Spielraum
EIN STEILPASS IN DIE TIEFE DES SPORTS
Er wird in aller Bescheidenheit „Sonnenkönig“genannt, er arrangiert sich mit den Mächtigen und mit all den anderen, so manch Politiker könnte noch viel von ihm lernen, wie man Allianzen bildet. Am Freitag wurde Joseph S. Blatter die Ehre zuteil, von Papst Franziskus empfangen zu werden, der Präsident des Weltfußballverbandes (Fifa) hat einen Draht zu allen Oberhäuptern. Und auch im Vatikan spricht man über Fußball. Es gibt eine eigene Meisterschaft, der Sport wird als völkerverbindend gepriesen. Aber es wurde auch über Katar gesprochen, wo es eine Vielzahl an Problemen gibt, allerdings beharrt die Fifa auf die Austragung der Weltmeisterschaft 2022. Blatter ließ nun damit aufhorchen, dass die Vergabe der WM nicht nur eine Sache des Weltfußballs gewesen sei. „Es war politischer Druck aus europäischen Ländern, die WM nach Katar zu bringen“, behauptet der Weltverbandschef nun. „Zwei der Länder, die Druck auf die Wahlmänner in der Fifa gemacht haben, waren Frankreich und Deutschland.
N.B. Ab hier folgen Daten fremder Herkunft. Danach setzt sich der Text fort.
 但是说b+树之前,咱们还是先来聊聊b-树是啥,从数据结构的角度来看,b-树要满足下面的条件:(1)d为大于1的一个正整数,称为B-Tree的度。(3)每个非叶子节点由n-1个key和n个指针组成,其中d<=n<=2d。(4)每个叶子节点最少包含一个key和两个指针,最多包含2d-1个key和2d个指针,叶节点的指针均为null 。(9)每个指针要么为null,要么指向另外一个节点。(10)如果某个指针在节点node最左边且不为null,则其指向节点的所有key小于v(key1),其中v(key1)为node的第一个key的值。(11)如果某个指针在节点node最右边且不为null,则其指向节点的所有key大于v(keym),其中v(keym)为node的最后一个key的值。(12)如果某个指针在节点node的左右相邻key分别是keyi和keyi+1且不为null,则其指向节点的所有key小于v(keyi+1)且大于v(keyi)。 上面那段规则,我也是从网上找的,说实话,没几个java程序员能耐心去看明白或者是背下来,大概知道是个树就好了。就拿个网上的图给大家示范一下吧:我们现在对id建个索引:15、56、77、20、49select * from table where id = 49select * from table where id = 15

Das ist bekannt, das ist keine neue Information“, betont der 77-jährige Schweizer.
Präsident Blatter sieht also nicht nur die Fifa in der Pflicht. Angesichts der bekannt gewordenen Missstände auf den WM-Baustellen verlangte er aus beiden Ländern Äußerungen von höchster politischer Stelle. „Sie sollen erklären, was sie von der Situation halten. Es ist leicht zu sagen, alle Ver- antwortung liegt bei der Fifa – nein, nein!“, sagt Blatter.
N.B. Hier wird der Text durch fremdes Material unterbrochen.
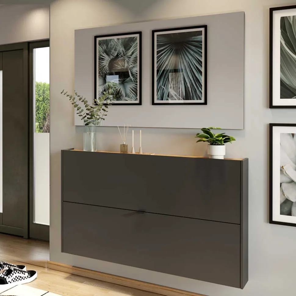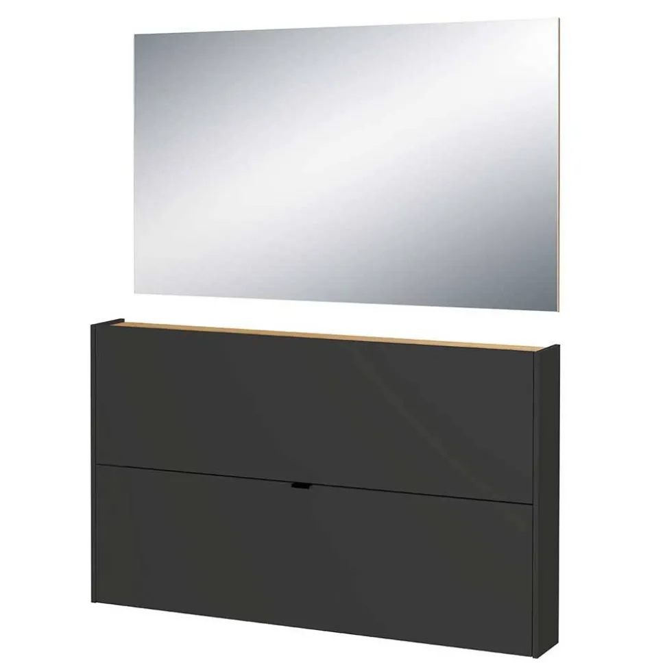Entdecken Sie das Schuhkommode und Spiegel Set „Sidgarus“, das Ihr Zuhause auf stilvolle Weise bereichert. Mit seiner geradlinigen, minimalistischen Gestaltung fügt sich dieses zweiteilige Set perfekt in jeden Raum ein und strahlt einen charmanten skandinavischen Wohnstil aus. Die harmonische Farbgebung aus Dunkelgrau und dem natürlichen Holzdekor der Wildeiche sorgt für eine warme und einladende Atmosphäre.

Der Fifa-Boss unterstützt die Entschließung des EU-Parlaments vom Donnerstag zu den Arbeitsbedingungen auf den Baustellen für das WM-Turnier 2022. „Wir missbilligen, was dort passiert ist“, betont Blatter. Die großen Baufirmen, die fast alle aus Europa stammten, seien jedoch auch für ihre Arbeiter verantwortlich.
Joseph Blatter spielt den Ball weiter. Und die Regierung des Golfemirats weist die Entschließung des EU-Parlaments als voreilig zurück. Ein Sprecher des Außenministeriums erklärt laut Medienberichten von Freitag aber, man sei zu einem Dialog mit dem Parlament bereit. Die Europa-Abgeordneten hatten den WM-Ausrichter zur Vermeidung von Zwangsarbeit und Sklaverei aufgefordert.
Die Deutschen haben den Ball bereits angenommen. Auf Initiative des DFB hat es in Zürich ein Treffen mit Blatter und Vertretern des Deutschen Gewerkschaftsbundes (DGB) gegeben. Dabei wurde klar, dass der Fußball allein die Situation in Katar nicht nachhaltig verändern kann. Und die Gewerkschaft macht Druck. „Der Atem der internationalen Gewerkschaft ist lang.“Die Fifa aber bleibt stur. Joseph Blatter schließt nach wie vor aus, Katar die WM wieder wegzunehmen. Das größte Druckmittel fehlt.